## Aim of the exercise
Below this sentence is a listing; return exactly its lines from the one with "Castlelyons; County of" to the one with "中間還夾有葡萄柚點綴, 完全不膩口的說, 推推!!", both kept, and nothing more.

## Provided data
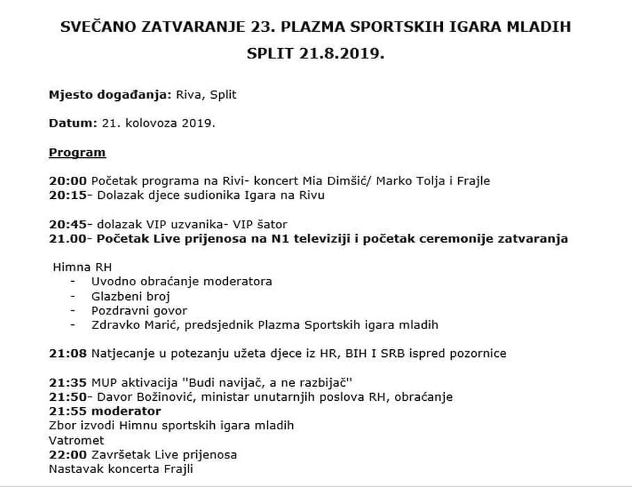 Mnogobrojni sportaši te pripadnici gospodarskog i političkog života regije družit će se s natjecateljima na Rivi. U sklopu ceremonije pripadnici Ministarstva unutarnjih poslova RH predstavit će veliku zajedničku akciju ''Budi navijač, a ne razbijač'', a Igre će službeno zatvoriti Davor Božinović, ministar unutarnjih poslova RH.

==

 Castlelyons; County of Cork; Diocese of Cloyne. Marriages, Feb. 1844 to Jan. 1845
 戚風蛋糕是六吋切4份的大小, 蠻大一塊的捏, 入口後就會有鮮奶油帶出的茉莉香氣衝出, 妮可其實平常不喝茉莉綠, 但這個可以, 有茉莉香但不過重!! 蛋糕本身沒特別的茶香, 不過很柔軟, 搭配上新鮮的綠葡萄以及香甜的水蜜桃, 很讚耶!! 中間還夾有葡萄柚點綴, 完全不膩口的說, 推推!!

## Result
 Castlelyons; County of Cork; Diocese of Cloyne. Marriages, Feb. 1844 to Jan. 1845
 戚風蛋糕是六吋切4份的大小, 蠻大一塊的捏, 入口後就會有鮮奶油帶出的茉莉香氣衝出, 妮可其實平常不喝茉莉綠, 但這個可以, 有茉莉香但不過重!! 蛋糕本身沒特別的茶香, 不過很柔軟, 搭配上新鮮的綠葡萄以及香甜的水蜜桃, 很讚耶!! 中間還夾有葡萄柚點綴, 完全不膩口的說, 推推!!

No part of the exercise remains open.